[[ Supplied records open ]]

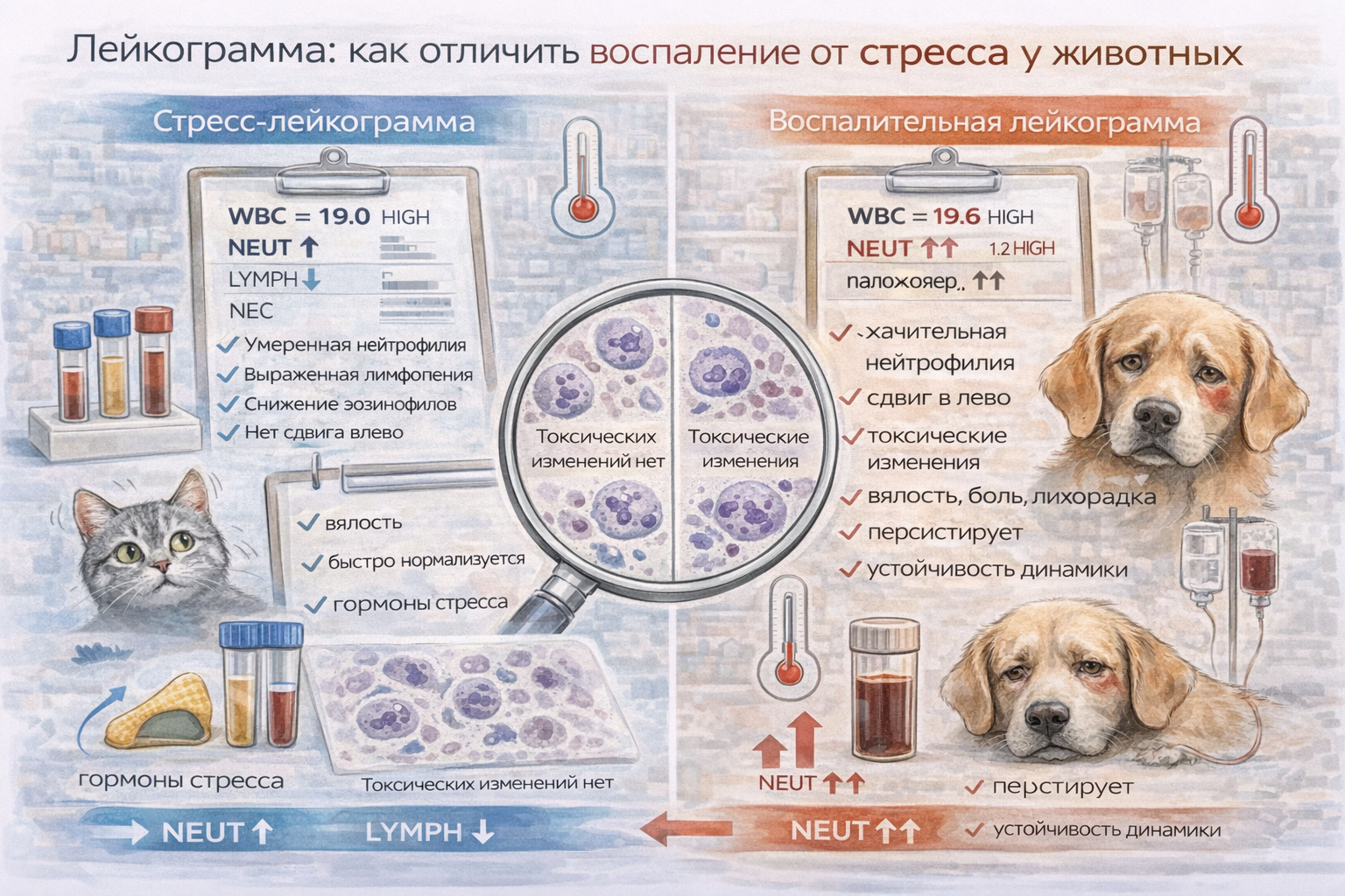 Лейкограмма — один из самых полезных инструментов ОАК, но интерпретация требует понимания различий между стрессовой и воспалительной реакцией. Стресс чаще даёт нейтрофилию с лимфопенией и эозинопенией без выраженного сдвига влево. Воспаление чаще сопровождается сдвигом влево и токсическими изменениями нейтрофилов. При сомнениях мазок крови и динамическое наблюдение помогают принять правильное решение.
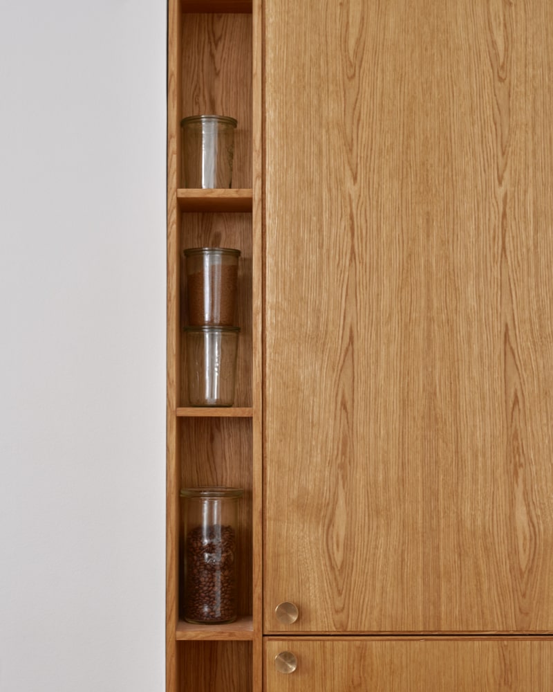 Når man vælger et egetræskøkken fra Arki Studio, handler det ikke kun om materialet, men om helheden og de små snedkerdetaljer, der gør forskellen i hverdagen. Mange vælger grebsløse fronter i eg for at få et roligt, moderne udtryk, mens andre foretrækker de klassiske fræsede fingergrip, der giver et diskret, men markant greb. Vi kan skabe lette vitriner i egetræ, åbne hylder eller højskabsvægge, der får køkkenet til at føles som en indbygget del af boligen.
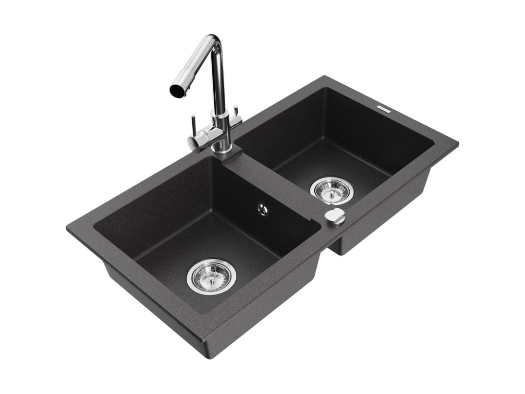Granitový drez Mexen Mario s 2 misami a kuchynskou batériou Duero, čierna škvrnitá - 6504-76-671600-00
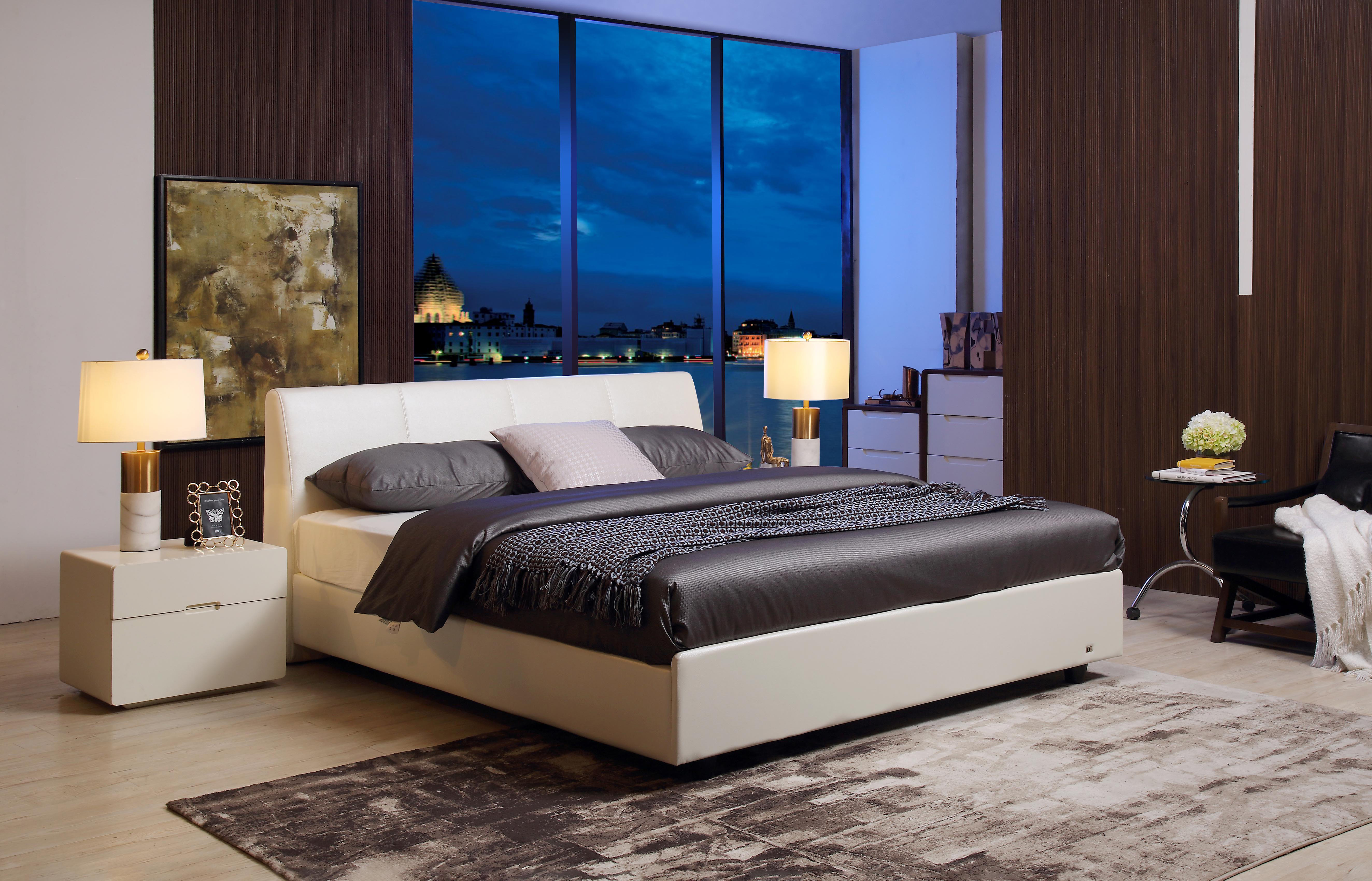 With" Urban Minimalist Sanctuary " at its core, this soft bed combines the neat lines of modernism with the gentle texture of leather.
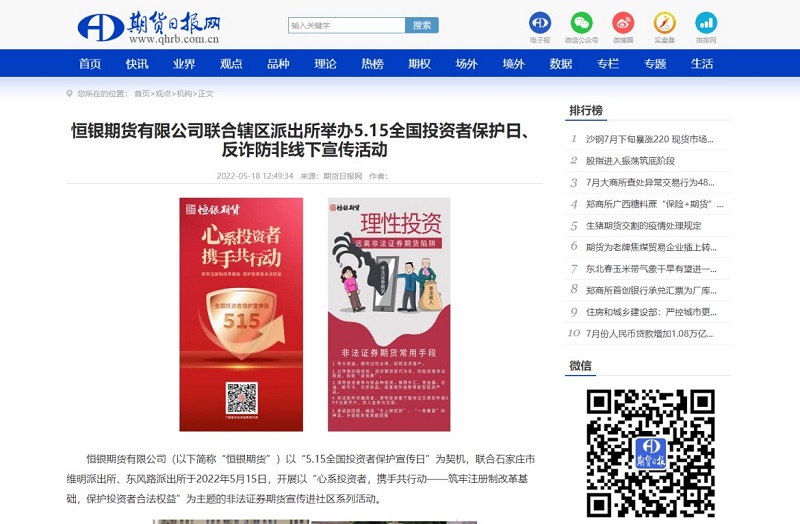 2022年5月15日,恒银期货以“5.15全国投资者保护宣传日”为契机,联合石家庄市维明派出所、东风路派出所,开展以“心系投资者,携手共行动——筑牢注册制改革基础,保护投资者合法权益”为主题的非法证券期货宣传进社区活动。走进金鼎小区和东风小区,对过往居民进行了非法证券期货宣传,同时对5.15投资者保护宣传日进行普及。
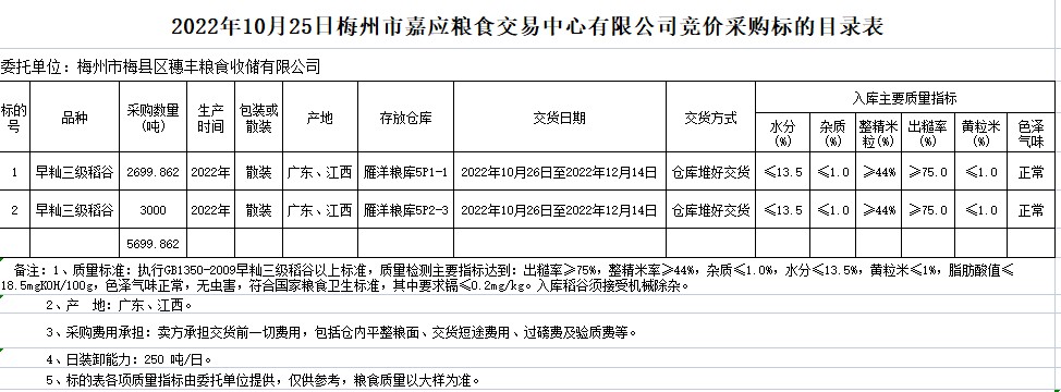 受客戶委托,梅州市嘉應(yīng)糧食交易中心有限公司定于2022年10月25日(星期二)舉辦糧食競價(jià)交易會(huì)。梅州市梅縣區(qū)穗豐糧食收儲(chǔ)有限公司擬采購2022年早秈稻5699.862噸。
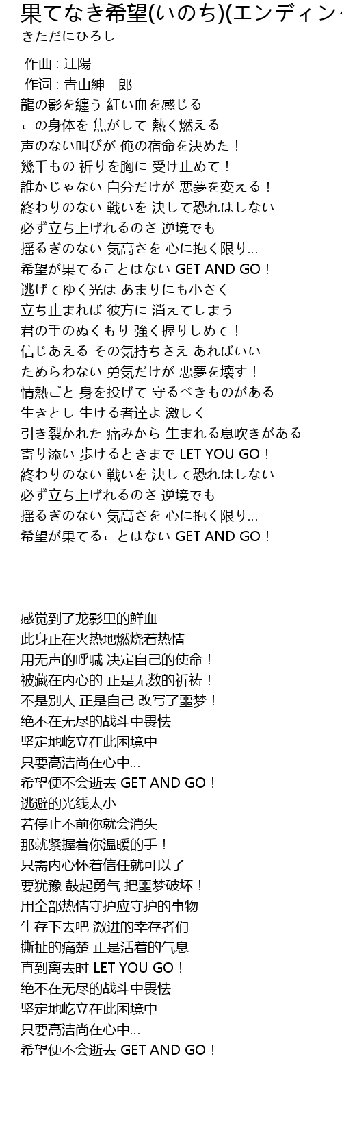 | [03:19.233] | 希望が果てることはない GET AND GO! |
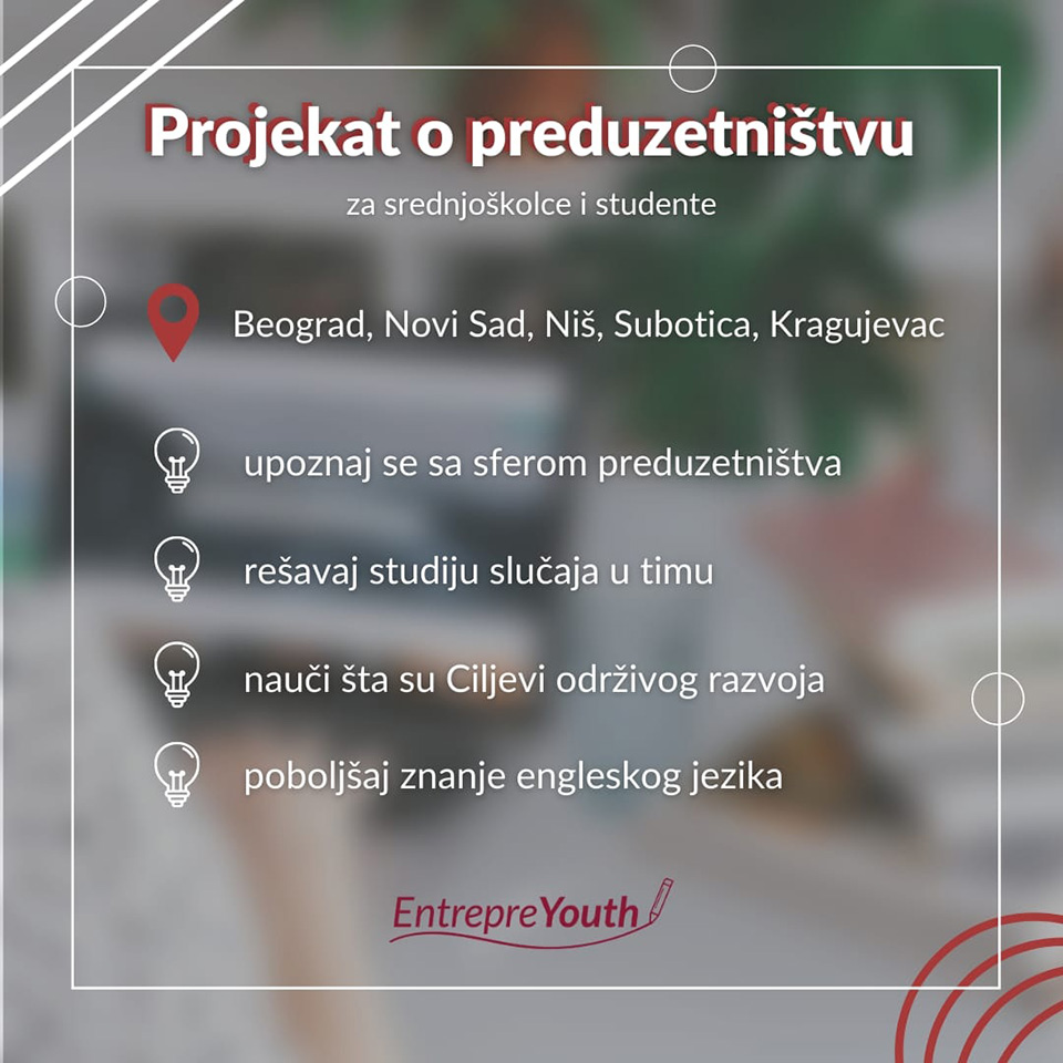 Ukoliko još uvek planiraš šta ćeš raditi za leto, obeleži period od 12.7. do 15.8. u kalendaru. Radi na sebi, upoznaj nove ljude i ojačaj start up zajednicu u Srbiji! Sve više mladih bi volelo da pokrene neki svoj biznis i upliva u preduzetničke vode. Zato AIESEC organizuje “EntrepreYouth” projekat i ovog leta sa ciljem da studentima prve i druge godine studija, kao i srednjoškolcima završnih godina pruži neophodna znanja i veštine koje su im potrebni da pokrenu sopstveni biznis i otkriju preduzetnički svet kroz studiju slučaja i različite radionice. Radionice se realizuju na engleskom jeziku, jer će pri rešavanju studije slučaja mladi biti podeljeni u timove koji će voditi inostrani studenti. Projekat je namenjen studentima prve i druge godine studija, kao i srednjoškolcima završnih godina. Očekujte pet nedelja radionica i rešavanje studije slučaja koja je blisko povezana sa Ciljevima održivog razvoja.

[[ Supplied records closed ]]

■ **Exercise objective**: Output exactly the lines from the line containing "GET AND GO! |" through the last line of the records, both included, and leave out every picture.

■ **Written answer**:
 | [03:19.233] | 希望が果てることはない GET AND GO! |
 Ukoliko još uvek planiraš šta ćeš raditi za leto, obeleži period od 12.7. do 15.8. u kalendaru. Radi na sebi, upoznaj nove ljude i ojačaj start up zajednicu u Srbiji! Sve više mladih bi volelo da pokrene neki svoj biznis i upliva u preduzetničke vode. Zato AIESEC organizuje “EntrepreYouth” projekat i ovog leta sa ciljem da studentima prve i druge godine studija, kao i srednjoškolcima završnih godina pruži neophodna znanja i veštine koje su im potrebni da pokrenu sopstveni biznis i otkriju preduzetnički svet kroz studiju slučaja i različite radionice. Radionice se realizuju na engleskom jeziku, jer će pri rešavanju studije slučaja mladi biti podeljeni u timove koji će voditi inostrani studenti. Projekat je namenjen studentima prve i druge godine studija, kao i srednjoškolcima završnih godina. Očekujte pet nedelja radionica i rešavanje studije slučaja koja je blisko povezana sa Ciljevima održivog razvoja.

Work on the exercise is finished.